Reproduce only this stretch of the listing below: from the line with "In 1965, nearly" through the line with "Отзывы на Коробка", exactly as written, with pictures excluded.
-------- DATA --------
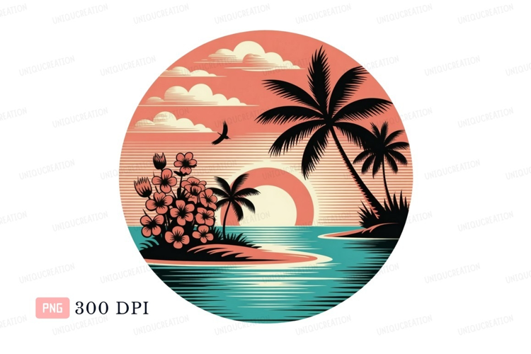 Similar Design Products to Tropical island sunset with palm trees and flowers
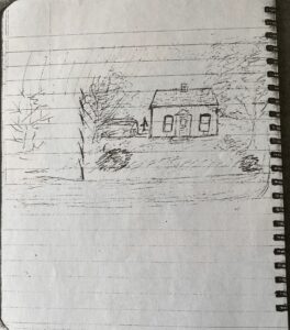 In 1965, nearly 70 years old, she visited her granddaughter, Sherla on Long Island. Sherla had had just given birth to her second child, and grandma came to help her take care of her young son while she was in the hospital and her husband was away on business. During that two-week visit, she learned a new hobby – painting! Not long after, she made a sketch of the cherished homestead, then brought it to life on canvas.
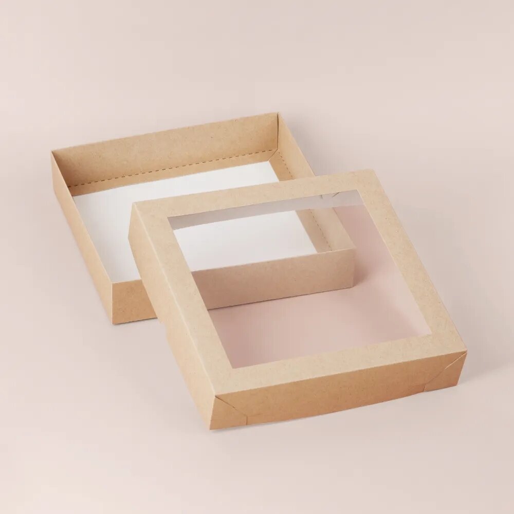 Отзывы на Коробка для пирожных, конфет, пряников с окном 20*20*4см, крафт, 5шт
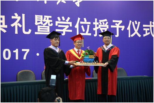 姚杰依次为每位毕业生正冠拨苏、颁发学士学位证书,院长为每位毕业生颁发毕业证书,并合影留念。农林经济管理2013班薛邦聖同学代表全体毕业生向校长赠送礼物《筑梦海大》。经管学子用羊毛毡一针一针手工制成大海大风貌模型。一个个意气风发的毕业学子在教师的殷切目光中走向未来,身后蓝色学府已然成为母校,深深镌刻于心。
--------
ANSWER TO THIS EXERCISE ->
 In 1965, nearly 70 years old, she visited her granddaughter, Sherla on Long Island. Sherla had had just given birth to her second child, and grandma came to help her take care of her young son while she was in the hospital and her husband was away on business. During that two-week visit, she learned a new hobby – painting! Not long after, she made a sketch of the cherished homestead, then brought it to life on canvas.
 Отзывы на Коробка для пирожных, конфет, пряников с окном 20*20*4см, крафт, 5шт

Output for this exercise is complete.